Friday, June 15, 2012

What has become of the markets?

Once upon a time, supply and demand ruled the markets. Supply of shares for sale vs. demand for the prospects for the company's success in the future. We had a a capital asset pricing model and we discounted future earnings and dividends back to the present. Of course, all of that came with a lot of assumptions so a technician like me was not a big fan.

But even I long for those good old days. At least there we had a market that operated under its own power or lack thereof.

Let's list some of the fundamentals that came out recently:

worse first time jobless claims
worse consumer sentiment
worse industrial output
worse NY region factory output
worse retail sales
worse foreclosure starts
worse growth in China
worse current account deficit

As a technical analyst, seeing the stock market rebound as all of this comes out should make me bullish beyond belief. It would mean all the crap is already baked into the cake (yummy!). It would mean a ginormous wall of worry to climb. Any positive spark would light a fire so big Smokey the Bear would relent and get a bag of Jet Puffed and a weenie on a stick.  Admire thine enemy.

But the reason stocks are going up is the specter of rescue.
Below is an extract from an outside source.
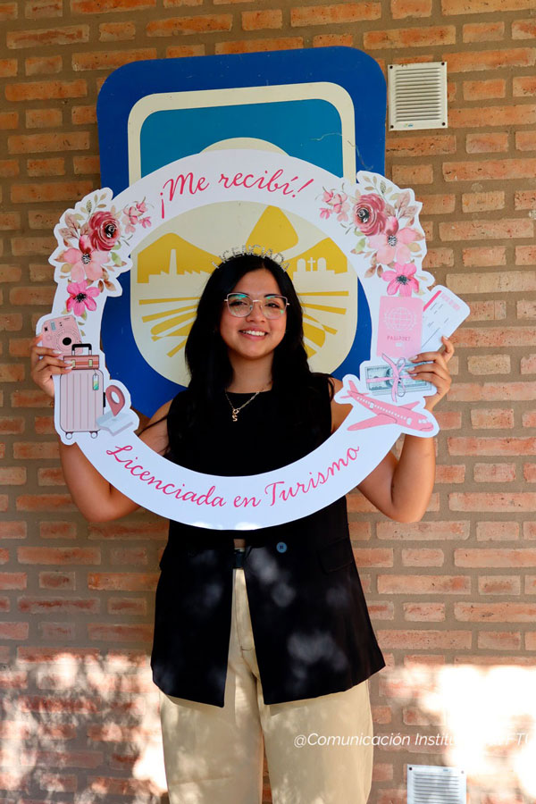 Se trata de la estudiante Sofía Figueroa quien al defender el Trabajo Final Integrador (TFI) accede al Título de Licenciada en Turismo.
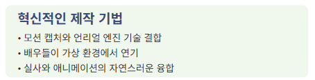 모팩 스튜디오는 최첨단 가상 제작 방식을 활용하여 모션 캡처와 언리얼 엔진 기술을 결합했습니다. 배우들은 가상 환경에서 연기를 펼쳤고, 이를 통해 실시간 조정과 실사와 애니메이션의 자연스러운 융합이 가능해졌습니다. 이러한 접근 방식은 시각적 스토리텔링을 향상시킬 뿐만 아니라, 애니메이션 영화 제작의 새로운 기준을 제시했습니다.

Michael Gayed wrote today that "SuperBen and the League of Extraordinary Bankers are getting their suits on." Free money! Bailout! Save me, sugar daddy!

We have a stand off. Bad reality vs. awesome hope.

But we've already had a taste of what can happen if the market brat does not get what it wants. It throws a hissy.  You tell me how they are going to teach this at conservative investor school. Why Mr. Investor, when you are planning for conservative growth in your retirement account you must keep track of what some idiot is Greece said and of course be ready to reverse course when some idiot in Iran says something. Forget which company has a better business model.

The idea of buying that juice bar in Key West gets more attractive every day.